Jose Reyes gestures to teammate Jason Bay after

Jose Reyes gestures to teammate Jason Bay after scoring on an RBI single by Bay during the seventh inning of a game against the Los Angeles Dodgers at Citi Field. The Mets won 6-3. (May 6, 2011) Credit: AP

For Tuesday's Newsday, I produced a Mets inventory check,  based on the increasingly safe assumption that the Mets won't be in contention come July.

I listed the players in order of the buzz they're generating on the yakosphere (trademark Neil Best), and using that criteria, listing Jose Reyes first was a no-brainer.

I've read many good arguments - some from fellow media folk, some from readers with whom I communicate - about why the Mets should not trade Reyes this season. Nevertheless, I can think of only one good reason to retain him, and that's if the Mets mount a surprising playoff run.

In my mind, there are two distinct questions here concerning Reyes. The first is, "Should they trade him?" The second is,  "Should they commit to him long-term?" They intersect. But they are different questions.

So let's address the first question Tuesday, and the second one Wednesday. And the answer to the first one, again, is, "As long as they're not in the race? Absolutely."

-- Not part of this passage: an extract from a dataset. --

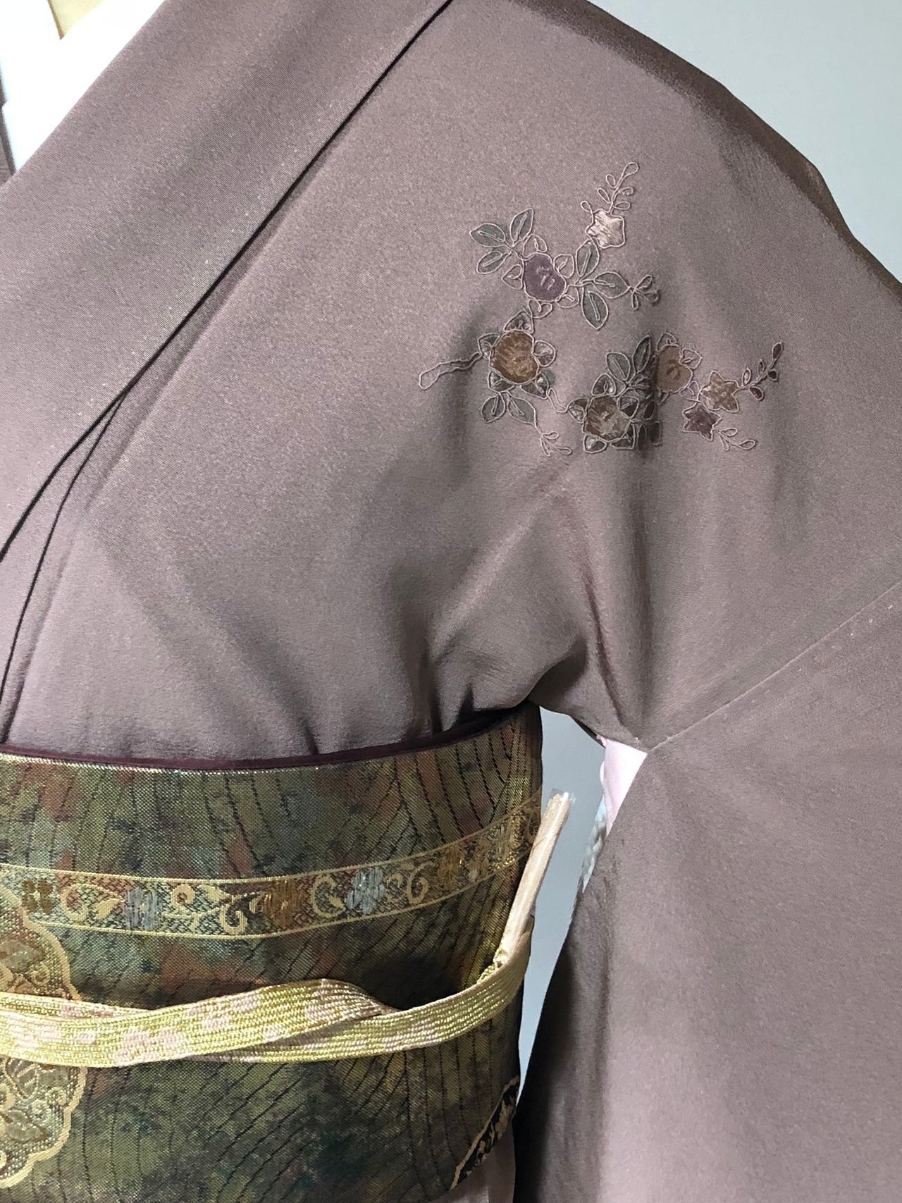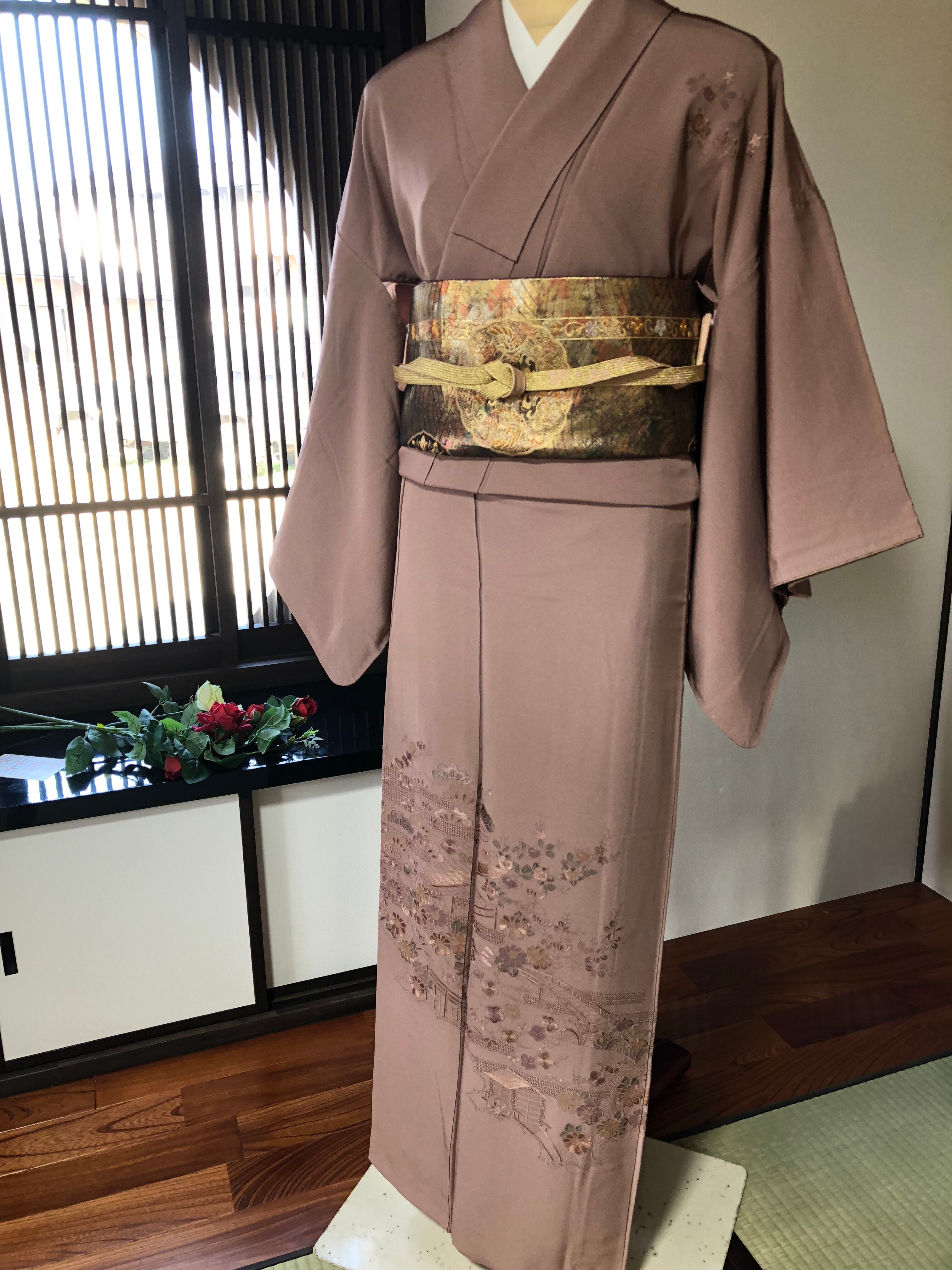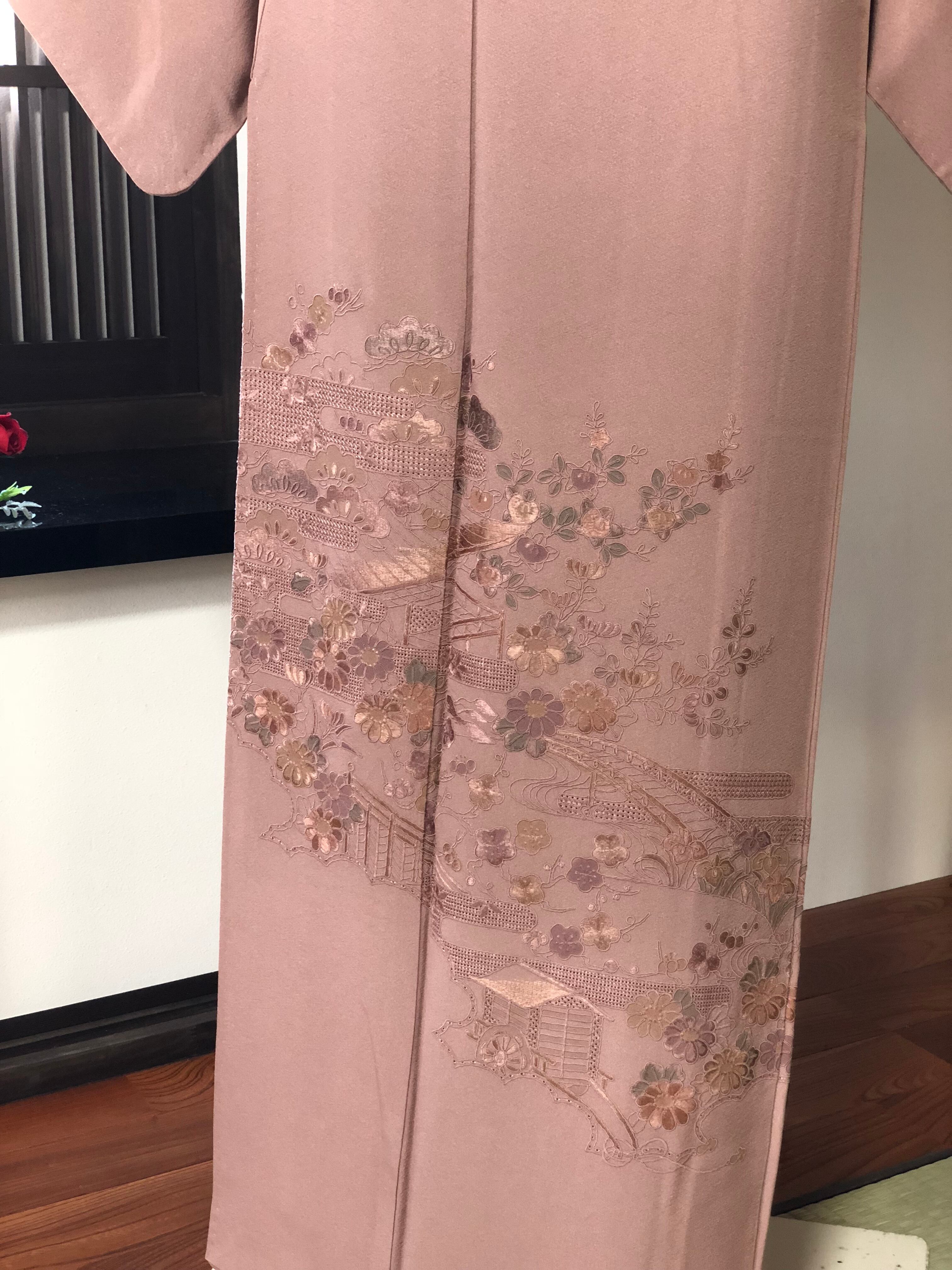 ブラウンがかったピンク地にスワトー刺繍が美しい訪問着。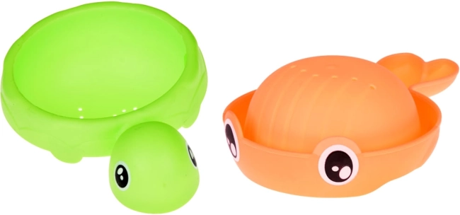 Dankzij de krachtige zuignappen bevestig je het speelgoed eenvoudig op tegels of aan de rand van het bad. Kinderen kunnen water overgieten met bekers in de vorm van een groene schildpad en een oranje visje, waarmee ze oog-handcoördinatie en fijne motoriek trainen en tegelijk veilig en creatief waterspel beleven.

If the Mets were so inclined, then Fred and Jeff Wilpon, Sandy Alderson and Terry Collins could sit Reyes in a meeting room at Citi Field on, say, July 15 and deliver this speech:

"Jose, we think the world of you. We want you to spend your prime as a Met. We want you to reitre as a Met.

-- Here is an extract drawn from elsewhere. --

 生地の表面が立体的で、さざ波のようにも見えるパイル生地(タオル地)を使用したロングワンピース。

"But there really is no point in you hanging around here for the rest of the season. We're out of the race. Aren't you tired of playing out the string? We feel it's win-win if we trade you. You get to enjoy your first pennant race in a while, and you're gonna bring back some exciting young players in a trade.

"Really, by trading you, we're making ourselves more appealing to you come free agency. You want to win a World Series ring, and by trading you, we'll be closer to that goal than we are today.

"So go ahead to (Cincinnati, San Francisco, wherever), and have a great time. And we'll be waiting for you on the other side."

Is there precedent for such an arrangement? I can of two quasi-parallels: 

1) In spring training of 1997, the Indians traded Kenny Lofton to Atlanta. Lofton spent the '97 season with the Braves, then returned to the Indians as a free agent for the 1998 season.

2) In July of 2003, Baltimore traded Sidney Ponson to San Francisco. Then the Orioles signed Ponson the subsequent winter.

There's an obvious risk in this strategy. Reyes could fall in love with his new club. Or, he could play so well, including on a postseason platform, that he could raise his price to a prohibitive level for the Mets, whose owners might not be able to afford a huge commitment and whose general manager might be philosophically opposed to it, anyway.

We'll delve more into those issues Wednesday. For now, I think it's absolutely worth the risk of trading Reyes, given the return that should be coming.

Later today? A contest and a check-in from Yankee Stadium.

--UPDATE, 10:46 a.m.: Got two more examples of this "temporary separation" phenomenon on Twitter.

My buddy Mark Hale from the New York Post asked if Cliff Lee - traded by the Phillies, only to return to them a year later - qualified. I suppose it would, although I don't think the Phillies ever thought they would get Lee back.

And Rob Zloto asked about Mike Bordick, whom the Mets acquired from Baltimore to replace the injured Rey Ordonez in 2000 and who returned to the Orioles for 2001. Absolutely. A very good example.